Interviewer: [You had students who] went out, “networked” [in other places].
[They] had come back. We’d also followed the Red Guards to go out [for “networking”].
Interviewer: Oh, you also went [“networking”]?
[Yes], before I became the target of attack.
Interviewer: Oh, before you were the target.
[Yes, I] also went along. As a result, when [I] came back, [my name] was circled, check-marked; I became the target of struggle.
There were only a few people who were not struggled against.
In general, they all were toppled. I was [one of] “those in power,” a “capitalist-roader,” and I had a somewhat “problematic history.”
Others without a “problematic history” had “active problems.”
I remember there was one teacher.
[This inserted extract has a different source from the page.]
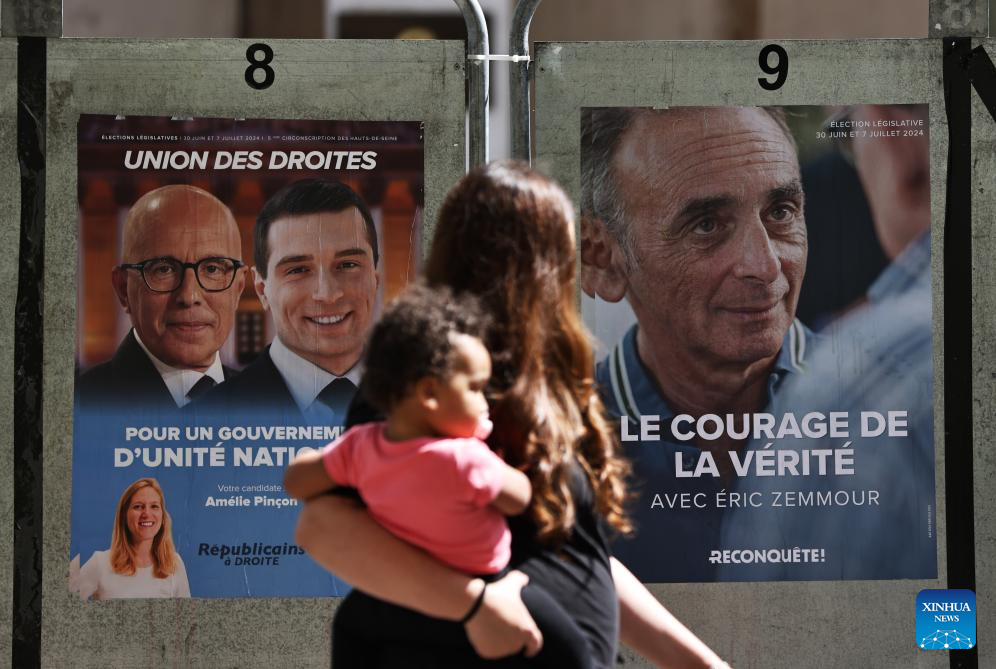 People walk past posters for legislative elections in Clichy-La-Garenne, near Paris, France, June 30, 2024. (Xinhua/Gao Jing)

The Red Guard salute was to raise one’s hand.
[This teacher] said, “This is creating a sect.”
With this one statement, [the teacher was labeled] a rightist.
I also have a friend, who had always been a faithful believer in Chairman Mao.
[One time, he’d] finished reading a newspaper, [so he] rolled it up and threw it away.
It had Chairman Mao’s portrait on it.
As a result, [he was] caught and [labeled] an active counter-revolutionary.
He’d been a good student of Chairman Mao year after year.
[Even so], in an instant he was turned into a counter-revolutionary, just [because] he threw away a newspaper.